Jost Fischer

I currently research at University of Hamburg on complex interactions and mechanisms of sound generation and sound radiation of musical instruments, for example organ pipes and reed instruments.

I recently finalized my PhD at the Department for Physics and Astronomy at University of Potsdam in the group on Statistical Physics and Chaos Theory. The topic of my dissertation was about nonlinear coupling mechanisms in acoustic oscillators which lead to synchronization. 

I'm working on nonlinear phenomena like synchronization in aeroacoustics and fluiddynamics. My diploma thesis was "About Synchronization Phenomena of Nonlinear Acoustic Oscillators". My supervisor was Priv.-Doz. Dr. Markus Abel.

Furthermore I think about synchronization aspects in complex communication setups, e.g. interaction of musicians and dancers.

A second topic of my work are investigations on flows and transport phenomena in turbulent layers, e.g. in the ocean, in the atmospheric boundary layer or, at the moment,  in shear layers in musical instruments.  

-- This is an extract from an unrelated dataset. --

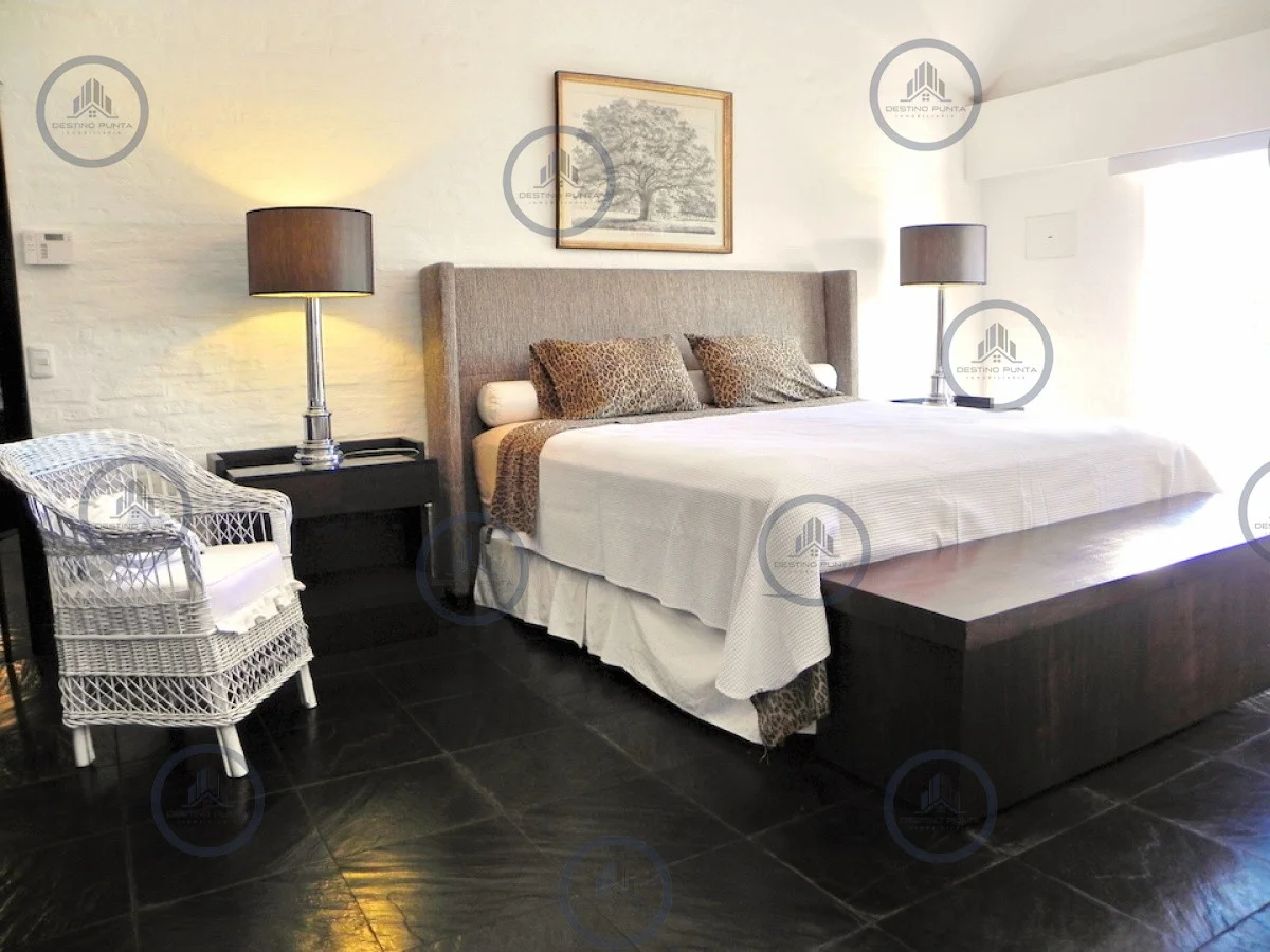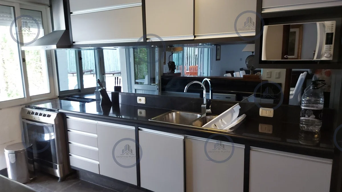 Cuenta con seis dormitorios, cuatro de ellos en suite y casa de huéspedes con otro dormitorio. Gran living comedor, con muy buena luz natural. Amplia cocina definida, bien equipada. Con AC en todos los ambientes.
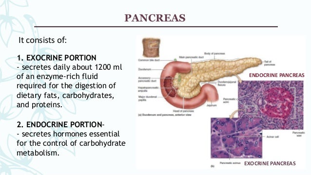 Morbidity of endocrine and exocrine pancreatic insufficiency Thirty four of 113 patients (301%) was diagnosed with DM, 33 patients (292%) with IGT and 46 patients (407%) with normal endocrine function as shown in Fig 1The incidence of abdominal pain, abdominal distension and diarrhea (including fat diarrhea) was respectively 53%, 106% and 1504%Endocrine pancreas Current time so special physiologically the pancreas releases two types of things or has two main components to it one there's the exocrine pancreas and the idea behind the exocrine pancreas is that it takes salts and write it down here enzymes so these powerful enzymes I talked about earlier it takes these salts andCancer can start in the head, body or tail of the pancreas The wide end of the pancreas is called the head The thin end is called the tail The bit in the middle is called the body Between 60 and 70 out of 100 pancreatic cancers (6070%) start in the head of the pancreas Exocrine pancreatic cancers Most pancreatic cancers are the exocrine

I also researched the dynamics of thermo-induced convection processes in buildings to find optimal control strategies for natural ventilation.

 

Current work

A) Nonlinear coupling mechanisms in acoustic oscillator systems which can lead to synchronization

 

Mutual interaction of two organ pipes P1 (left) and P2 (right). The pipes interplay via the radiated spherical sound waves. Shown is the pressure p. Numerical simulation, done with OpenFOAM 2.2., is calculated fully compressible, using a LES-one-equation-model for the sub-grid scales. Reynolds number: Re~2000-10000. Mesh size: (L x W x H) 400mm x 10mm x 300mm. Grid points ~1.25e6. The mutual coupling leads to synchronization of the pipe-pipe system after t=20ms. 

 

Mutual interaction of the jets (oscillating air sheets) of two organ pipes P1 (left) and P2 (right). The jets act via the radiated spherical sound waves (external coupling) generated by the sound generation regimes jet-resonator inside the organ pipes (internal coupling). Shown is the turbulent kinetic energy k which is scaled logarithmically. Numerical simulation, done with OpenFOAM 2.2., is calculated fully compressible, using a LES-one-equation-model for the sub-grid scales. Reynolds number: Re~2000-10000. Mesh size: (L x W x H) 400mm x 10mm x 300mm. Grid points ~1.25e6. The mutual coupling leads to synchronization of the pipe-pipe system after t=20ms.

 

B) Sound generation and sound radiation in acoustical wave guides

Numerical simulation of sound generation in an organ pipe. Shown is the turbulent kinetic energy k. Realized with the free, open source CFD software package OpenFOAM 2.1

Numerical Simulation of sound generation in an organ pipe. Shown is the pressure p at the initial inflow process.

 

Velocity magnitude in the jet region:

Velocity component v_x through the cross section along the resonator.  

 

C) Synchronization of organ pipes - Measurements in the 2D-plane

Setup:

Two organ pipes P1, P2, exactly tuned. P2 moveable stepwise in the 2D-plane. Grid 80 x 80 measurement points. (MP's).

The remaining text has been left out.